Album review

WILCO - THE WHOLE LOVE

WILCO - THE WHOLE LOVE

Wilco fans are as polarised as the US congress. Some revel in the band’s eardrum-pulverising forays into the sonic unknown, introduced on 2002’s art-damaged Yankee Hotel Foxtrot and refined on 2004’s brutally beautiful A Ghost Is Born. The rest are entranced by what Jeff Tweedy describes as “cinematic-sounding country music…you know, folk music”, represented by 2007’s glorious Sky Blue Sky and 2009’s intermittently captivating Wilco (The Album).

The latest version of Wilco, (containing only two original members in Tweedy and bassist John Stirrat), is the most stable unit Tweedy has assembled in the band’s 17-year history, in marked contrast to its volatile first decade. Ironically, the current lineup, completed with the additions of guitarist Nels Cline and multi-instrumentalist Pat Sansone, is far more suited to experimentation than any previous iteration, though this dimension is less overtly displayed on the most recent two albums.
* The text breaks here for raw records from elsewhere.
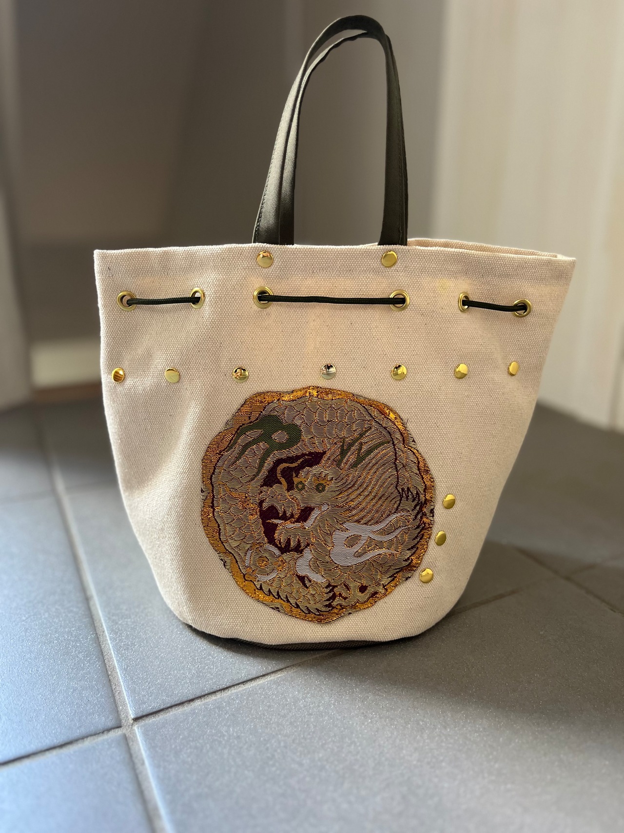 帆布に錦帯の龍神と寿の古代文字の帯をパッチワークし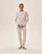 Відчуйте справжній комфорт у жіночому піжамному комплекті Jeda, що складається з двох предметів: довгих штанів та блузи з довгими рукавами. Піжама має класичний, універсальний крій з широками штанинами, забезпечуючи вільний рух та затишок. Виготовлена зі 100% дихаючої бавовни, вона дарує легкість і комфорт для спокійного сну.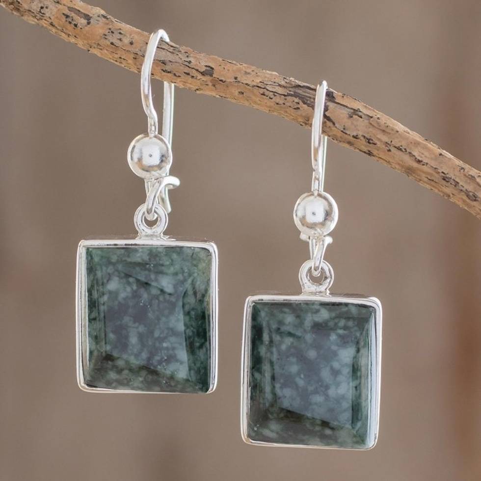 Handmade Sterling Silver Dangle Jade Earrings 'Love Immortal' Item ID: 2671777628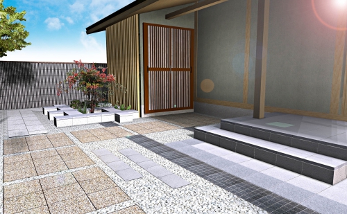 アプローチ舗装:エコレイク(ENR-4)/スクエアストーン(バーナーブラック)/Gストーン(グレーみかげ、白みかげ)
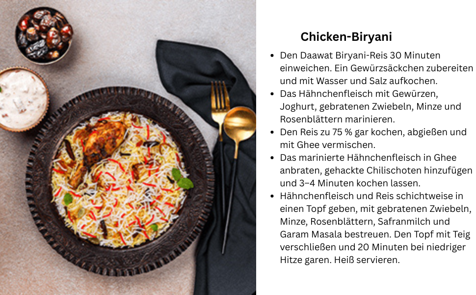 - Premium-Qualität: Unser Daawat Biryani Basmatireis ist bekannt für seine außergewöhnliche Qualität und Aromen, die aus den feinsten Basmatireiskörnern gewonnen werden. Wir holen die feinsten Körner auf, um Ihnen feinste Basmati zu servieren. Jede Packung wird nach Chunkar, Bachakar, Sambhalkar und Sajaakar zubereitet, um Ihnen das längste Reiskorn zu servieren.
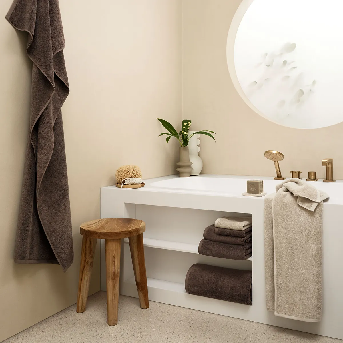 The newly developed COSHMERE GOTS terry toweling from Schlossberg is a faithful companion in all areas of your bathroom – whether you wrap yourself in the large bath towel after a refreshing shower, bury your toes in the fluffy bath rug after a long bubble bath or put a smile on your own face and that of your guests with the hand and guest towels, this terry toweling will impress you time and again with its incomparable softness and extremely high absorbency. Thanks to the terry loops on both sides, it is particularly supple to touch and literally ensures all-round high-quality comfort of wellbeing. In twelve harmonious and versatile colors and different sizes, COSHMERE GOTS terry toweling offers you a wide selection to meet your own needs and furnishing requirements. What's more, this terry toweling is always a sustainable choice thanks to its GOTS certification and its production from 100% organic cotton.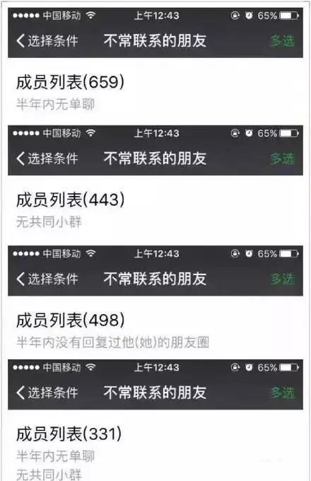 我們一定有一些不常聯(lián)系,也是好友的朋友,所以,這里篩選出來的不常聯(lián)系朋友,也有一個(gè)好處,就是看看哪些朋友不常聯(lián)系,就發(fā)個(gè)問候:好久不見啊,哥們兒!現(xiàn)在過的好嗎?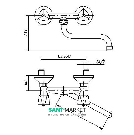 Смеситель для кухни Mofem Metal Plus двухвентильный настенный ретростиль 142-0023-00

It’s tempting to view The Whole Love –released on their own label, dBpm – as a dialectical conversation between Wilco and the two camps. They set up the contrast dramatically on the wonderfully titled seven-minute opener “Art Of Almost”, powered by a customised motorik groove somewhere between Ghost’s “Spiders (Kidsmoke)” and Wilco (The Album) standout “Bull Black Nova”. The groove appears out of the crackle of static and takes on percolating cross-rhythms behind Glenn Kotche’s marvellous drumming, the sonics gradually morphing from Mellotron-washed gorgeousness to a savage intensity, as guitarist Nels Cline whips himself into a head-exploding frenzy. After such a beginning, the hardcore have to be hopeful that the wait is finally over. But that’s pretty much it for shrieking over-the-top-ness. What we get instead in the body of The Whole Love is an alternating mix of trademark rockers and ballads, bonded by Tweedy’s central presence, shifting between scarred and elated, and the arrangements, which play off the bandleader’s range of moods. While the album is packed with inventive moments, there’s no more lacerating skronk, for a very good reason: the emotions the band is mirroring don’t call for it.

On “I Might”, the first of the upbeat tracks, the band bangs out a clattering, garage-y groove in the spirit of Elvis Costello And The Attractions’ Get Happy, with Mikael Jorgensen making like Steve Nieve on the Farfisa. Here, Tweedy rolls with his signature blend of puppy dog earnestness and relatable real-life agitation (sample lyric: “You won’t set the kids on fire/Oh but I might”), but the prevailing emotion is his sheer joy at being part of this killer band in full-on rave-up mode. “Born Alone” chugs along with country-rock amiability, Tweedy’s hayseed vocal set off by Cline’s trumpeting lines as the other players rise up to make ecstatic noise alongside him, in the vein of Sky Blue Sky’s sublime “Impossible Germany”. Half musical snapshot, half long-distance love note, “Capitol City” visits the antique Americana of Randy Newman, Cline impersonating a Dixieland clarinet with his slide lines. “Standing O” picks up where “I Might” left off, sounding like some newly discovered outtake from the Stiff Records catalogue. The title track is the album’s warmest, most relaxed and poppiest cut, Tweedy going for some falsetto lines amid the band’s merry bounce.

Of the reflective songs, “Sunloathe” settles into a “Strawberry Fields Forever”-like pastoral eeriness, “Black Moon” is as noir-ish as the title suggests, “Open Mind” hints at the psychological devastation of Neil Young’s Tonight’s The Night and “Rising Red Lung” finds Tweedy singing in a near-whisper over a fingerpicked acoustic, while the band floats on sunset clouds overhead. On the 12-minute-plus closer “One Sunday Morning (Song For Jane Smiley’s Boyfriend)”, the band inverts the buildup of “Art Of Almost”, moving with dexterity from anguish to acceptance, as Tweedy’s describes the emotional wounds inflicted by a father who takes his disappointment in his son to his grave, the band tracing the course of the narrator’s struggle and ultimate release with intensity.

Wilco’s latter-day character is now readily apparent. No longer the American Radiohead, as the true believers proclaimed a decade ago, this incarnation of Wilco is closer to a post-millennial Buffalo Springfield – especially when Cline, Tweedy and Sansone’s electric guitars blaze away together. And if Jeff Tweedy is no longer the tortured soul who ripped Yankee Hotel Foxtrot and A Ghost Is Born out of the recesses of his ravaged psyche, that is something worth celebrating.